Kehadiran Bang Wina dalam kehidupan kami di PJS, meski di luar struktur, tetap terasa kuat. Ia seolah jadi jembatan antara generasi senior dan junior, antara idealisme dan kenyataan lapangan, antara hukum dan etika.
DUNIA PERS Indonesia hari ini kehilangan salah satu tokoh terbaiknya. Seorang wartawan senior, pemikir hukum pers, pengajar penuh dedikasi dan penulis yang tak pernah lelah —Wina Armada Sukardi—telah berpulang ke rahmatullah, Kamis pukul 15.59 WIB.
Ia wafat setelah beberapa hari menjalani perawatan intensif akibat serangan jantung.
Bang Wina, begitu banyak orang menyapanya, bukan hanya dikenal karena karya jurnalistik dan pemikirannya yang tajam.
Beliau adalah sosok yang rendah hati, bersahaja, dan sangat terbuka terhadap siapa pun yang ingin belajar, berbagi, atau sekadar berdiskusi.
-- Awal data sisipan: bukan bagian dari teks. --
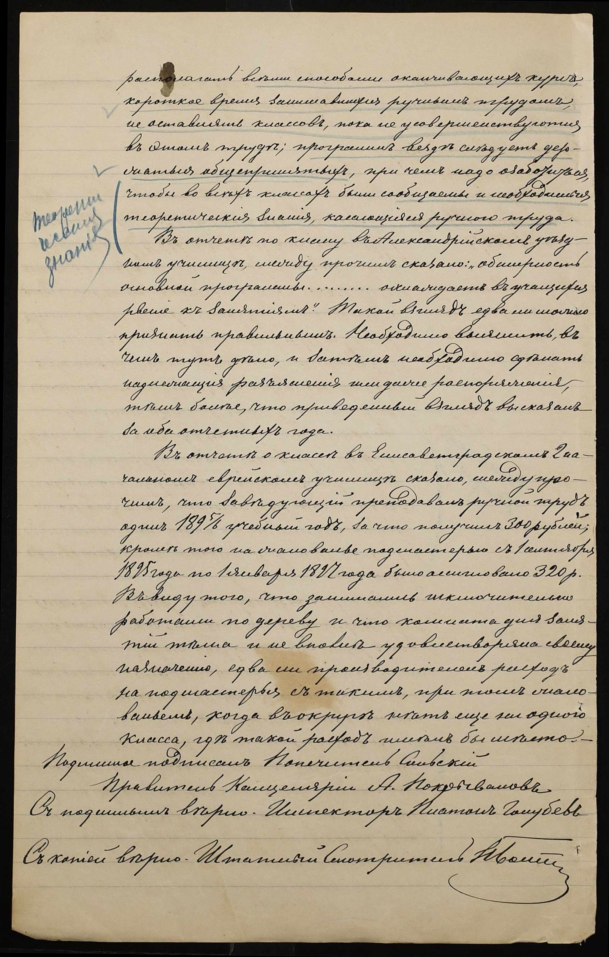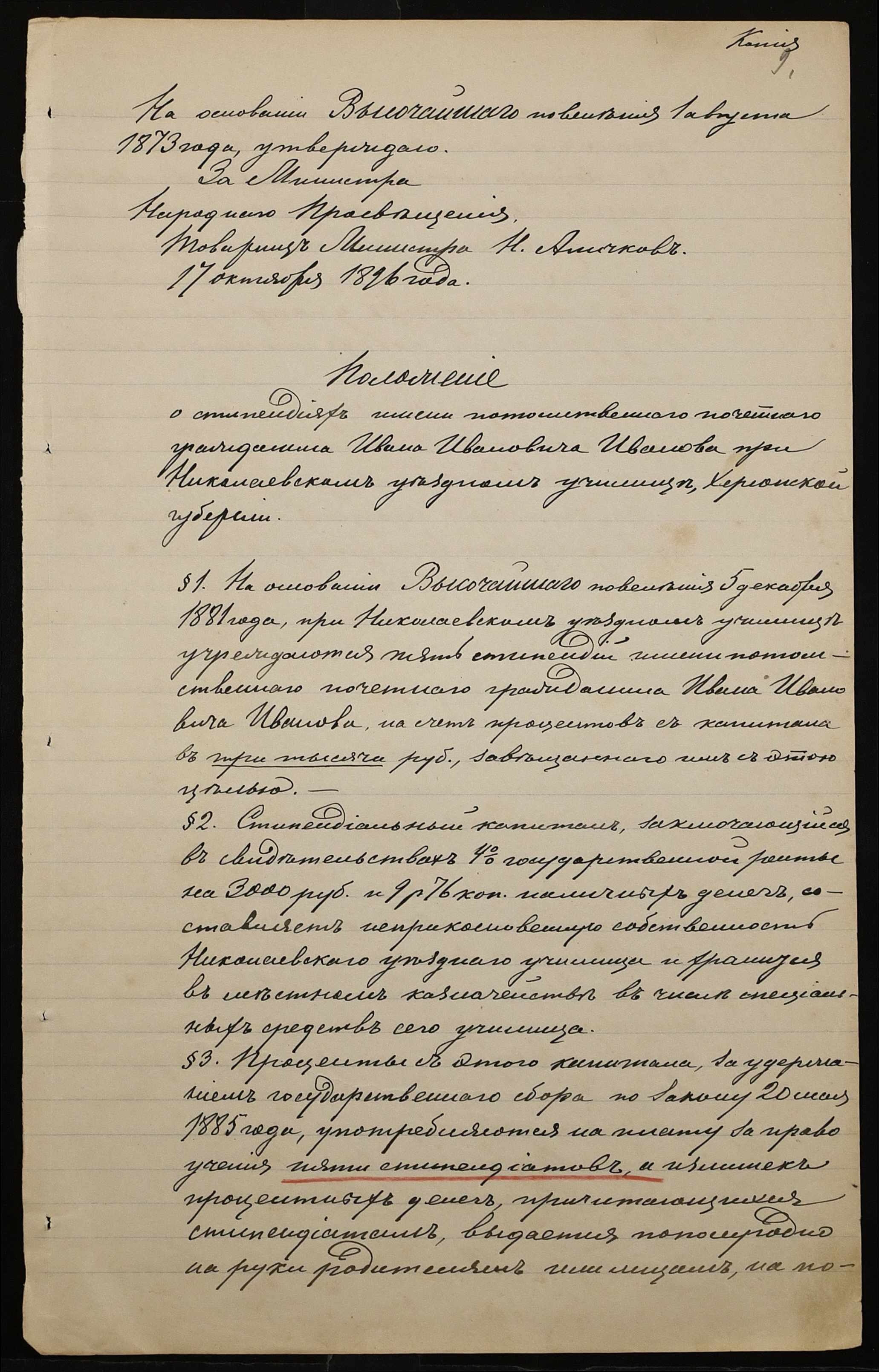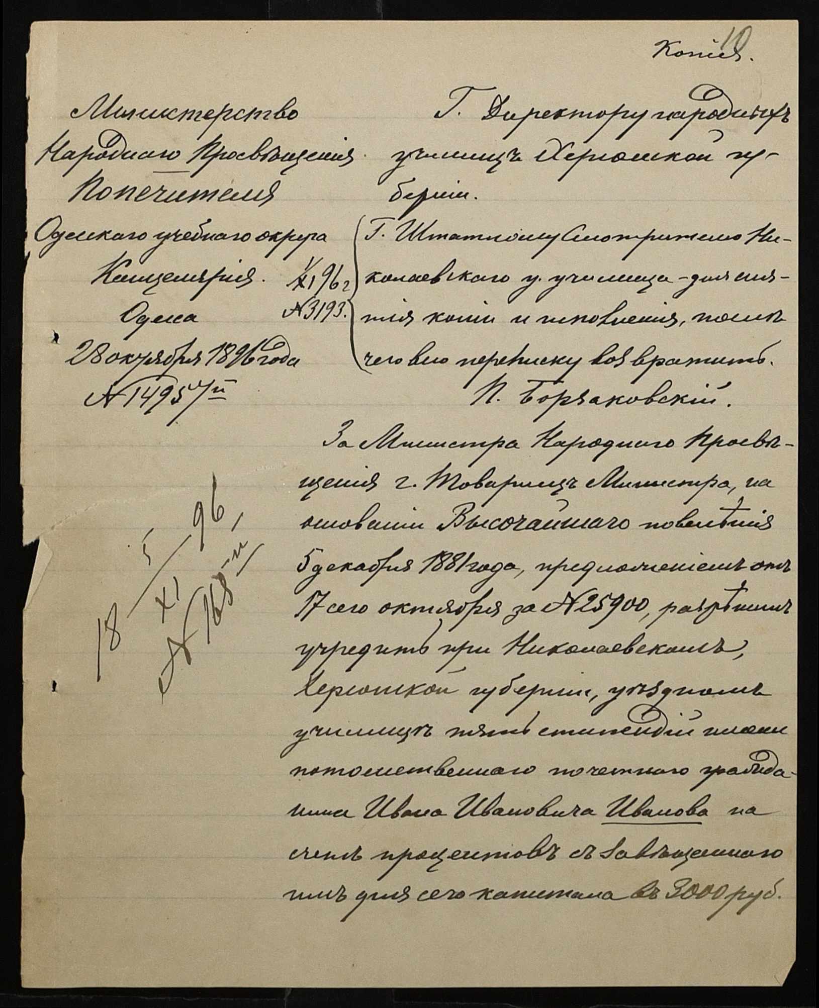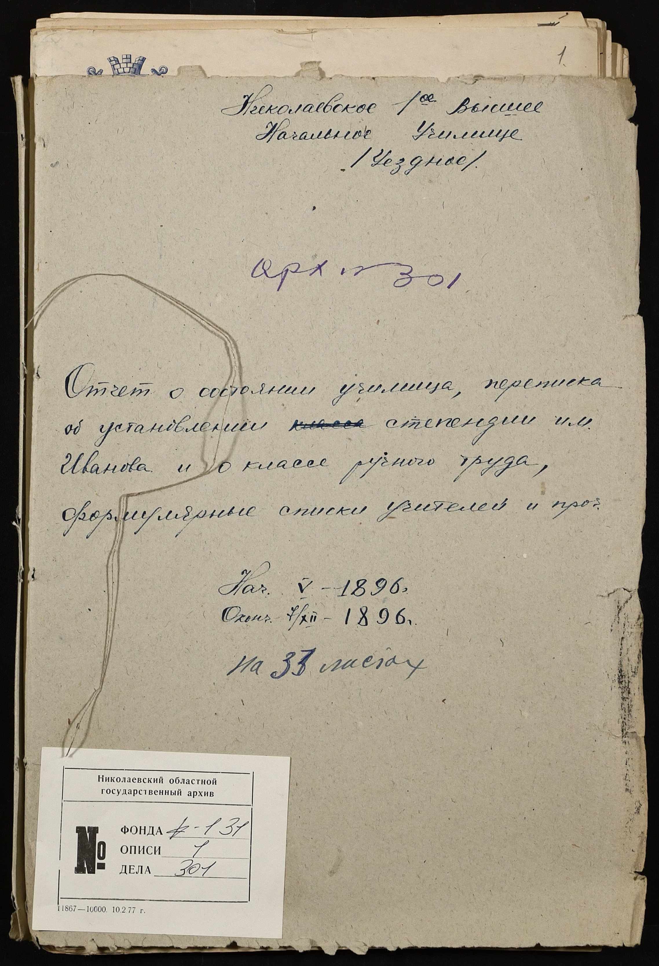 • • • • Справа № 301 “Положення про заснування стипендії почесного громадянина І.І. Іванова (И.И. Иванова), послужні списки чиновників, звіт і відомості про стан класу ручної праці училища за 1894-1895 навчальний рік”

Saya mengenal almarhum secara pribadi. Tahun 2011, ketika mengikuti Training of Trainers (ToT) Ahli Pers Dewan Pers, beliau adalah salah satu penguji saya.
Saya masih ingat bagaimana cara beliau menyampaikan kritik—tajam tapi penuh kesadaran membangun.Sebagai peserta, saya merasa diuji oleh seseorang yang tidak hanya tahu teori, tapi telah menghidupi seluruh dinamika pers dengan sepenuh jiwa dan integritas.
Namun, ada satu momen yang akan selalu saya kenang sebagai kehormatan pribadi sekaligus simbol kedekatan batin kami: Bang Wina mengirimkan langsung buku karyanya berjudul “Menjadi Ahli Dewan Pers” kepada saya di Pekanbaru, Riau.
Sebuah hadiah yang tidak hanya bermakna simbolis, tetapi juga menjadi penyemangat bagi saya dalam meniti jalan sebagai insan pers dan pendidik di bidang jurnalistik.